Thanks for the report, this is now fixed in git master.

> ldapsearch -x -H ldap://172.16.206.156 -b "ou=yyyy,o=xxxx" -LLL "uid=aaaa" uid
> st
> ldapsearch -x -H ldap://172.16.206.156 -b "ou=yyyy,o=xxxx" -LLL "uid=bbbb" uid
> st
>
> Whether aaaa and bbbb exist or not does not matter.
>
> The following config is used:
>
> include         /usr/local/etc/openldap/schema/core.schema
> include         /usr/local/etc/openldap/schema/cosine.schema
> include         /usr/local/etc/openldap/schema/inetorgperson.schema
> include         /usr/local/etc/openldap/schema/misc.schema
> include         /usr/local/etc/openldap/schema/nis.schema
>
> moduleload pcache.la
> moduleload translucent.la
>
> database        bdb
> suffix          "o=xxxx"
> #checkpoint     1024 15
> rootdn          "uid=amoneger,ou=yyyy,o=xxxx"
> overlay translucent
> translucent_local uidNumber,gidNumber,homeDirectory,loginShell
> translucent_strict
> rootdn          "uid=amoneger,ou=yyyy,o=xxxx"

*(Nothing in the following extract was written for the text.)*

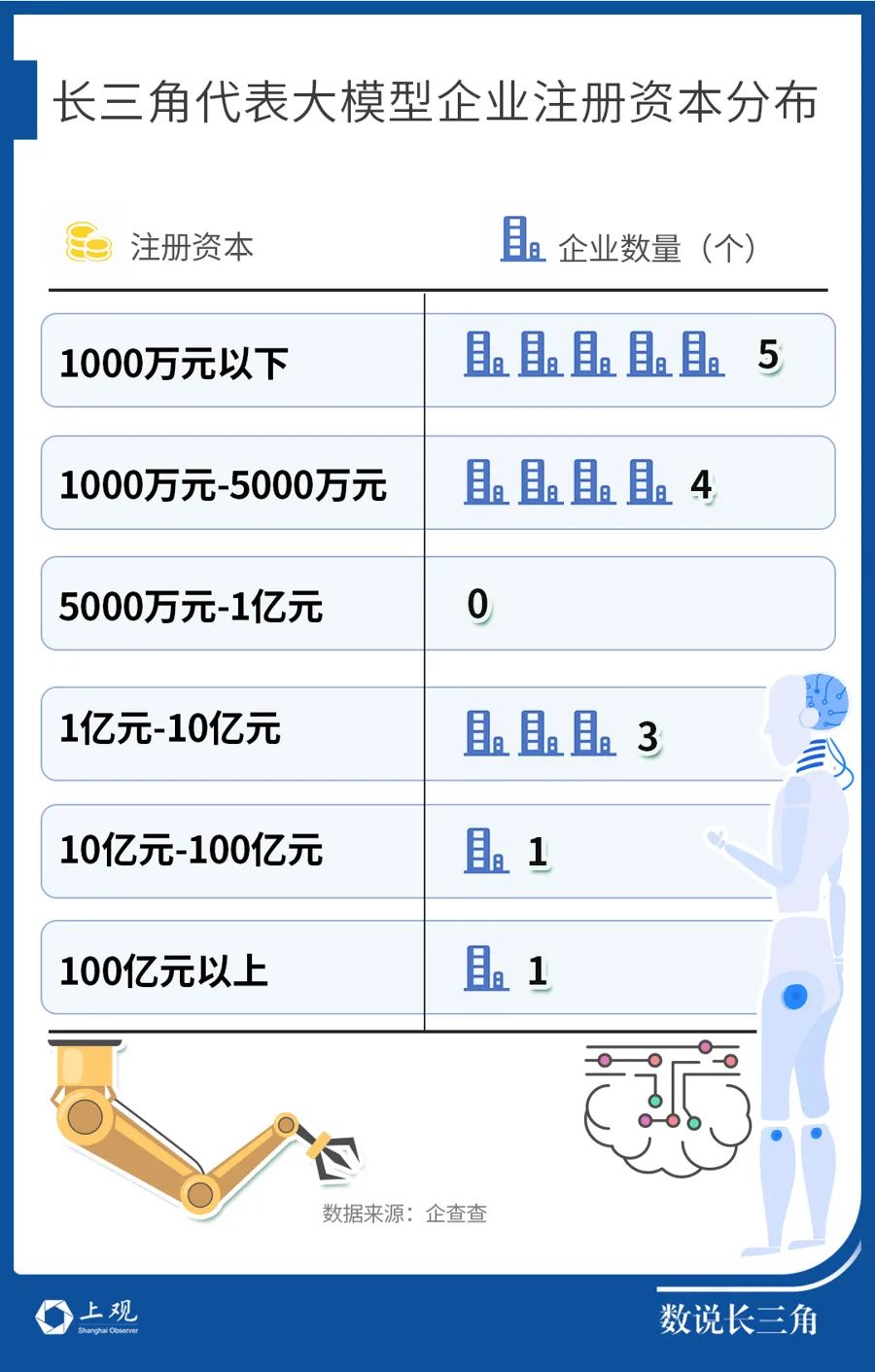 企查查数据显示,全国人工智能相关企业注册资本在5000万元以上的企业仅占比为2.8%。而在长三角这14家模型企业中,有超过三分之一注册资本在1亿元以上。

> uri             ldap://zzzz/
> #tls ldaps tls_reqcert=demand
> tls_cacert=/usr/local/etc/openldap/certs/Cisco_ca_chain
> overlay pcache
> pcache bdb 10000 1 50 100
> pcacheAttrset 0 *
> pcacheTemplate (uid=) 0 3600
> pcacheBind (uid=) 0 1800 sub ou=yyyy,o=xxxx
> pcacheOffline TRUE
> pcachePersist TRUE
> pcacheValidate FALSE
> directory /var/cache/ldap
> cachesize 1000
> index pcacheQueryid                     eq
>
> The crash seems to be caused by a SIGABRT which is raised by libc free() due to
> a double free. Here is the traceback:
> Breakpoint 2, 0x000000312aa33f10 in abort () from /lib64/libc.so.6
> (gdb) c
> Continuing.
>
> Program received signal SIGABRT, Aborted.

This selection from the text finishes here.